Search instructions

It is possible to search within a word-level segment. You can search for the orthographic word form (e.g. "midagi"), pronunciation that is transcribed in SAMPA (e.g. "mit_vAk_vi"), or a word structure (e.g. "CVCVCV").

The sequence in the search field (Otsisõna) is treated as a regular expression, so you have to describe the whole field you are looking for. So, for example if you want to find all the words that end with -lik, you have to search for ".*lik". Below are listed some elements of the syntax:

  • . (period) stands for any symbol. E.g. the search ".a" matches with "ma", "sa", "ta", "ka" etc.
  • ? (question mark) stands for 0 or 1 repetitions of the previous symbol. E.g. "tal?" matches with "ta" and "tal", but not "tall".
  • + (pluss) stands for one or more repetitions of the previous symbol. E.g. "ma+" matches with "ma" and "maa", but not "m".
  • * (tärn) stands for 0 or more repetitions of the previous symbol. E.g. "sam*" matches with "sa" and "samm".
  • {x}  stands for x repetitions of the previous symbol.
  • {x,y} stands for x to y repetitions of the previous symbol.
  • [] one of the symbols in the brackets may occur. E.g. "[vk]ana" matches with "vana" and "kana".
  • \ (backslash) treats the following symbol as a symbol, if the same symbol is used also as a syntax element. This has to be used when searching for compound words (e.g. "keele\+teadus") or { from SAMPA transcription (that stands for /ä/; e.g. "t\{nt_vAp").

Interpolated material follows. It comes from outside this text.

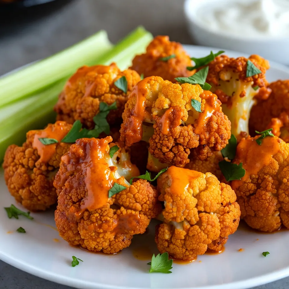 Crispy cauliflower florets coated in spicy buffalo sauce, perfect as a snack or appetizer.

The results of a search from the corpus are given as a sequences of 2 seconds. The sequences are displayed in a table that imitates the segmentation on a Praat's TextGrid. Different segmentation levels are placed on different rows and the length of each segment corresponds to its duration. If the content of a segment does not fit in its cell you can see it by stopping the mouse on that interval. It is also possible to download the search results as wav and TextGrid files.

Last edited: 2010-11-23 13:32:35